I tried to unsubscribe and they sent back an insulting note about not being good enough for the site, etc. I responded (a mistake) explaining that I had not signed on and just wanted off. This went back and forth until finally, they blurted out that when I sign or submit an answer to them I should have known that they would just re-register me every time. Then I respond and then they put me back on with really insulting messages.

I'm a bit ticked off at them so I'm reporting them. They apparently think it's cute to goad you into responding and then back you go onto their site with three or four stupid emails each day. It's mostly selling Cd's of interviews with nazis, etc. --G.R.D.

By anon205805 — On Aug 13, 2011

where can I file a complaint? My harasser is from the U.S. and I am from a third-world country.

By anon124992 — On Nov 08, 2010

Internet harassment must be taken seriously. i say this because my 14 year old daughter is going though this as we speak. This situation started at school, but now it has led to the internet.

i believe there should be stronger laws. In this world today, we need to stop situations like this. Teens today have it a lot worse than we were growing up. I also think parents should be more involved and watch what their child is doing on the computer, because someday their child my be the one who is being bullied. --vic66

By anon124106 — On Nov 04, 2010

ronburg44: I understand where you are coming from, but in this day and age where anyone can be arrested or sued for defending themselves, these laws are necessary. It is unfortunate that we need to keep coming up with new laws for what seems to be menial issues. But, if you look at how screwed up people are today, I can't help but wonder why these laws were not in effect many many years ago.
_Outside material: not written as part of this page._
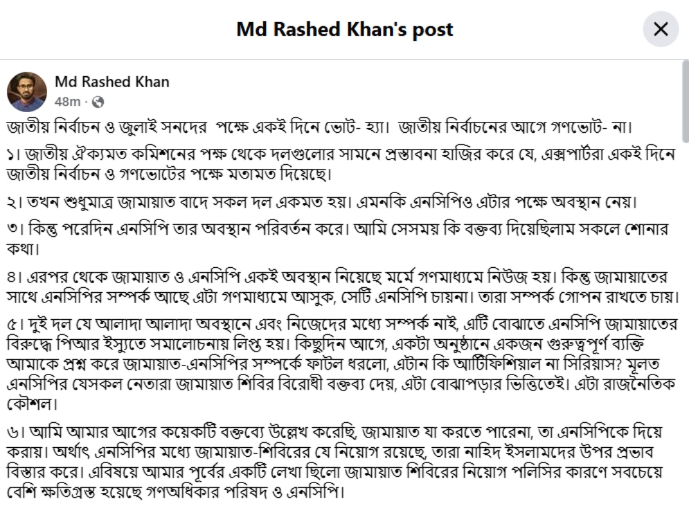 বৃহস্পতিবার (৩০ অক্টোবর) নিজের ফেসবুক অ্যাকাউন্টে দেওয়া এক স্ট্যাটাসে রাশেদ খান লিখেছেন, জাতীয় নির্বাচন ও জুলাই সনদের পক্ষে একই দিনে ভোট—হ্যাঁ। জাতীয় নির্বাচনের আগে গণভোট—না।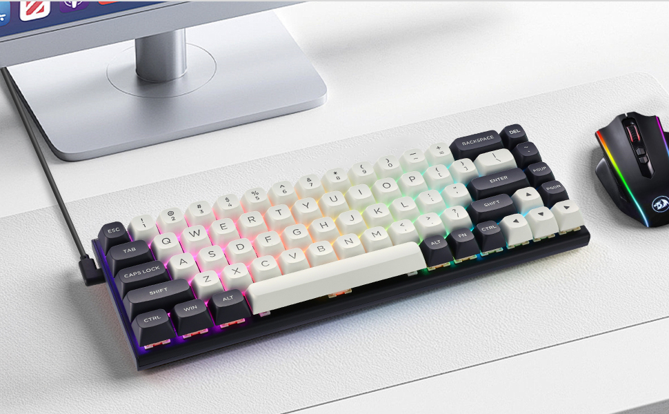 Αυτό το πληκτρολόγιο εστιάζει στην παροχή γρήγορης ενεργοποίησης, σταθερών πλήκτρων και καθαρού σχεδιασμού που ταιριάζει τόσο σε gaming όσο και σε επαγγελματικές ρυθμίσεις. Η διάταξή του κατά 60% αφαιρεί τα περιττά πλήκτρα διατηρώντας παράλληλα τη βασική λειτουργικότητα, επιτρέποντας στους χρήστες να μεγιστοποιήσουν τον χώρο στο γραφείο και να διατηρήσουν αποτελεσματικό έλεγχο κατά τη διάρκεια του παιχνιδιού.

By ronburg44 — On Oct 20, 2010

I personally think the Internet bullying and harassment is not that big of a deal. People who are susceptible to bullying are going to be susceptible to weather on the Internet or at school. Simply put, these people are we a need to learn how to be strong and stand up to other individuals that are harassing them. We don't need to enact more laws to deal with common social problems such as this. We as society simply need to recognize when people are having to heart of an issue with another person's income to that person's side.

Adding more laws to our ordering complicated ecosystem and tighten up more of our courts with complicated harassment suits that are hard for judges to decide and difficult for juries to comprehend just means more bureaucracy and more inefficiency in our nation's justice system.

By jeancastle00 — On Oct 20, 2010

Internet harassment has simply gotten out of hand today in this age. What used to be some harmless commenting on bulletin boards has now become full-fledged bullying on social networking sites. The epidemic of suicides is now resulted from this intimidation have both school and now infiltrating the personalized home of individuals and students has become a massive problem the way we deal with Internet harassment.

These problems are not to go away without intervention and we need to strengthen our Internet draft laws to ensure that people are saved from bullying. There needs to be strong laws on the books that prosecutors are able to bring justice to the victims of harassment. Just because something is on the Internet doesn't mean that it's not real as a lot of times the bullying spreads from one to the other.